What u need a 2" pipe for a residential for? They do make it in 2" as I put one in quite while ago. Rusco brand and do like them.


----------



## Rustyguns2 (Aug 20, 2011)

You should see this place, it's huge, everything is over built and thats the way the ho wants it to stay, so what ever makes him happy is OK with me as long as he is paying his bill.


----------



## rjbphd (Feb 5, 2010)

Rustyguns2 said:


> You should see this place, it's huge, everything is over built and thats the way the ho wants it to stay, so what ever makes him happy is OK with me as long as he is paying his bill.

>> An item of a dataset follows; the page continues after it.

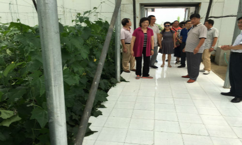 随后,在校友周广超的联系下,吴桃娥副校长一行来到浦南现代农业园区基地兆绿生态农庄参观江苏最大、科技含量最高,种植技术最先进的蔬菜大棚。采用现代物联网技术加滴灌节水系统,将丝瓜大棚的价值使用到最大。吴副校长看到现代化农业,表示农业产业将大有可为,我们学校也有很多相关专业,可以与我校进行校企合作。

I googled it and they are available... expect the clear plastic to get dirty up.. but they are great filter, I tell customer every time they add salt into tank, blow open the filter.. they do needs cleaning depending on the water condition


----------



## Rustyguns2 (Aug 20, 2011)

Hey thanks guys, I have been told by the Rusco rep I need to reduce pipe size to get the swirling effect created by the velocity of the water needed to settle sediment to to bottom of filter...Learn something new every day. Thanks


----------



## Best Darn Sewer (Dec 23, 2012)

You should look into a prosystems carbon filter. They are manufacturers and can customize one to fit your specs. They also can last up to 10 yrs without needing a media replacement. They are virtually maintenance free and the manufacturer offers a 10 yr warranty on parts and 5 on the media. It sounds like ur HO wants good quality stuff and this is in line with that plus if they have a softner it will make that work better. I have put many of these in here in Houston and they work great. The customer love them. They remove all chemicals and chlorine or chloramines along with sediment.


----------